Хотя обособленность женской сферы ограничивала свободу передвижения и контакты, она в то же время могла стать и источником независимой женской власти. Такой властью пользовалась царица и ее дочери, жившие в царском тереме. Как и во многих средневековых дворах, в Московской Руси личная, частная сфера была неразрывно связана с государственными делами. В России благочестивая царица считалась духовной заступницей, посредницей между царем, его подданными и Богом. Как духовная помощница мужа, она выступала порукой спасения царя и его царства, совершая богоугодные деяния, занимаясь благотворительностью и поддерживая социальную справедливость. Кроме того, она обладала пусть и более земной, но не менее значительной властью в своем отдельном царстве. В царском тереме царица управляла придворными и слугами, устраивала свадьбы и жаловала приданое, в которое могли входить крупные земельные наделы. Царицы также обладали по закону независимым статусом. Они самостоятельно распоряжались своей собственностью и вершили суд над своими подданными. Признанные защитницы мира и справедливости, царицы получали многочисленные петиции от российских подданных с просьбами вмешаться в юридические, а то и в государственные дела. По мере того как самодержавие все более бюрократизировалось, а образ царя обретал все бо́льшую суровость, царица олицетворяла собой более мягкую, милосердную форму власти и альтернативный путь к престолу [Tyh ret 2001: 119–123].

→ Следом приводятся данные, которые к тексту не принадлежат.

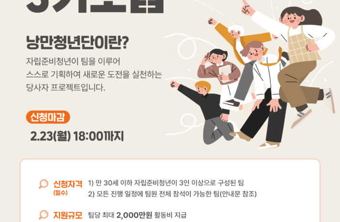낭만청년단 3기는 오는 2월 23일 오후 6시까지 모집하며, 만 30세 이하 자립준비청년 3인 이상 구성된 팀이라면 신청 가능하다. 기타 자세한 사항은 ‘자립정보ON’ 홈페이지에서 확인할 수 있다.
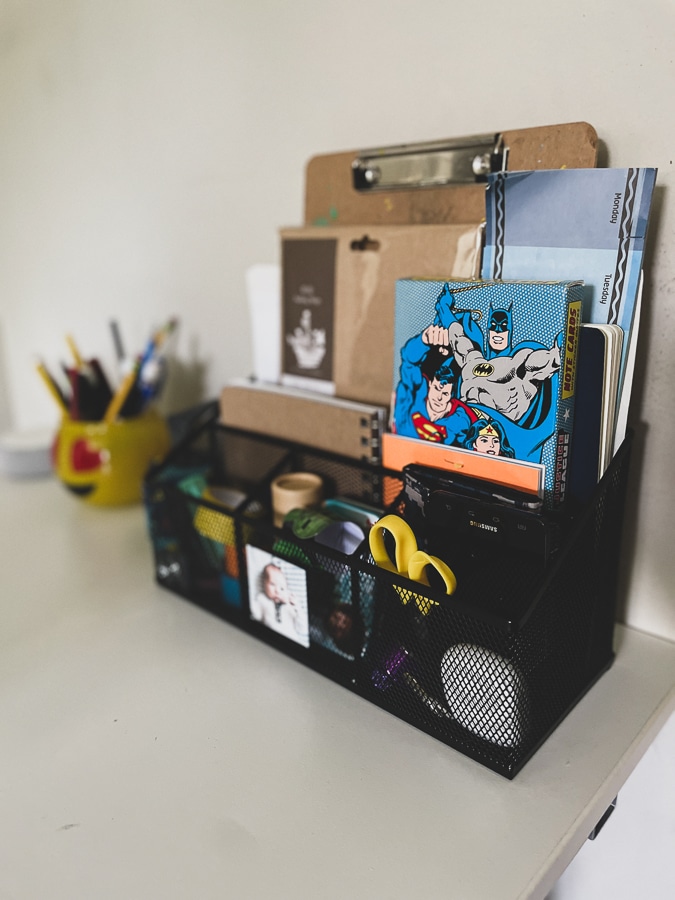 Before I helped Mazen organize his desk we went through each item and removed the ones that were either trash (there was a lot of trash!) or he didn’t need anymore. Also, I love that he has his baby brother on a magnet there <3 Always ask family members for help making these personal decisions – then you won’t have any angry kids when you throw away their favorite keychain or “piece of trash” paper.

Другие знатные женщины зачастую играли в своей гендерной сфере не менее активную роль. Они тоже управляли большими и сложными домохозяйствами и часто брали на себя инициативу по организации браков своих детей, в том числе таких, которые могли открыть доступ к политической власти. Женщины имели право запрещать или одобрять брачные союзы родственников-мужчин, а иногда наведывались в женские владения других семей, чтобы оценить будущую невесту [Kollman 1983: 184]. Матери царей не были исключением. Наталья Нарышкина, мать Петра Великого, выбрала для него первую жену Евдокию, к которой сам Петр был совершенно равнодушен. В деревнях знатные женщины управляли поместьями, пока их мужья служили в армии. Еще большей свободой действий пользовались состоятельные вдовы.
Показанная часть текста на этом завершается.